Fix & Install

How to Fix a Broken Shark Steam Mop Handle

Broken Shark Steam Mop Handle

If you have a Shark Steam Pocket Mop, you may also have a broken handle and want to know your options for fixing it. The original steam mop handle consists of two internal sleeves to provide a slip connection, a screw then pulls the two sections of the handle together, clamping around the metal arm of the handle. These parts are a weak part of the handle. The internal plastic mounts break off from the main sections, leaving an upper handle that no longer secures to the metal arm.

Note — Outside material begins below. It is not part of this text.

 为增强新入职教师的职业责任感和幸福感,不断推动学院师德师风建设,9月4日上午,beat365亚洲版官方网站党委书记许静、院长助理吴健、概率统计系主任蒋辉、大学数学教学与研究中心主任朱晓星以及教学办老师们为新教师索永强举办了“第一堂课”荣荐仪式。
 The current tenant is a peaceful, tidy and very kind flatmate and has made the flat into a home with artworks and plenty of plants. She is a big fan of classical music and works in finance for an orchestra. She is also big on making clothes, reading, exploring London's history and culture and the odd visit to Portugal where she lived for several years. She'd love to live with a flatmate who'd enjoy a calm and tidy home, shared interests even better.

Shark steam mop broken handle solutions

  1. Buy a replacement handle direct from Shark.
  2. Buy the new and improved Shark Professional Steam Pocket Mop with a handle redesign.
  3. The last and most economical solution is to go to your local hardware store and spend under $4 in hardware. Any additional costs will depend on your current inventory of tools, or ability to borrow tools if need be.

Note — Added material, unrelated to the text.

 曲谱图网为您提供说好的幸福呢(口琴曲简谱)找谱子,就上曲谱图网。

Steps to repairing the existing broken handle

We scoured our local Ace and True Value Hardware stores to come up with the easiest fix, along with readily available parts, while maintaining a factory finish, and surpassing the original durability. Depending on your region you may be able to find similar parts at other local hardware stores.

Tools needed

  • 5/32″(4mm) or 11/64″(4.4mm) drill bit
  • 13/64″(5.2mm) drill bit
  • Drill

Parts needed

  • 2 ea. aluminum 3/16″ x .75″ binding screws (posts). (i) The next common available length is 1″, and they are a little too long. You can buy online if you prefer the 7/8″ binding screw. (ii) Also known as sex bolts and mating screws.
  • 2 ea. aluminum 5/16″ x .5″ spacers. (i) The next common available length is .75″, and too long for this project. A 5/8″ spacer would have been perfect, but not necessary as you will see in the end.

Shark Steam Mop Repair Hardware



  • If the internal stems are not completely broken off on their own in all 4 spots, try to remove them. You can try to snap them off with a pliers, cut them off with a utility knife, or use a utility sheers.
  • We will be using the area opposite of the existing holes as guides to drill through the other section of plastic handle. Using a 5/32″ or 11/64″ bit, drill the two holes through the plastic handle. These don’t have to be pretty, so something as simple as a utility knife will be fine to deburr the edges.


Broken Shark handle internals



This will be the hardest part of the repair. The internal diameter is slightly too small for the binding posts (13/64″ / 5.2mm) to slide through, so they will have to be bored out. Secure the .5″ long aluminum spacers you purchased, then use the 13/64″(5.2mm) drill bit for boring the I.D.




Once the above is completed, insert the spacers into the metal handle. These will help fill the internal void and help eliminate movement once the binding posts are installed.

Note: The internal diameter of the metal handle holes are 8.5mm. This is not a common size for a spacer. If you want a more secure fit, you can try something like Original Gorilla Glue that expands and will then suspend and hold the spacer more tightly. Epoxy will work as well. I haven’t had any issues with not using an adhesive.

Click for Shark handle spacers


  • Slide the plastic handle back over the metal shaft, lining up the holes.
  • Slide the stem (female) section of each binding post through the original holes of the plastic handle and through the internal aluminum spacers.
  • Take the threaded(male) section of the binding posts and insert them through the holes that were drilled. Screw and tighten the binding posts.

NOTE: The hardware is aluminum and a soft metal. If the slotted head side becomes marred from the screwdriver when tightening, you can use a small file to deburr the marks.

Click for Shark handle posts


Once the binding posts are fastened tightly, your Shark® Steam Mop handle will be better than new, while creating a clean OEM look.

Shark mop handle repaired

Tags : floor cleaning


  1. Thank you for the instructions.
    I went to a local hardware shop in Vancouver,BC (HD Supply Brafasco, very unusual name ) and they gave me the binding screws for free 🙂 THANKs
    They didn’t have the spacers.
    At home with a baby asleep, I used pliers, blades, screwdrivers to make all the holes.
    I kept the original studs and widened the inside (by hand 🙂 ) as the spacer for the binding screw.
    All worked very well and job done with minimal noise 🙂

    Thanks again

    1. Glad the repair idea worked out for you. After 2 years now, we have not had any problems with the fix, and is actually more stable than the factory design. I added the spacers for additional strength, but just using the binding screw and posts should hold very well too, and you did put the plastic stems back in for support.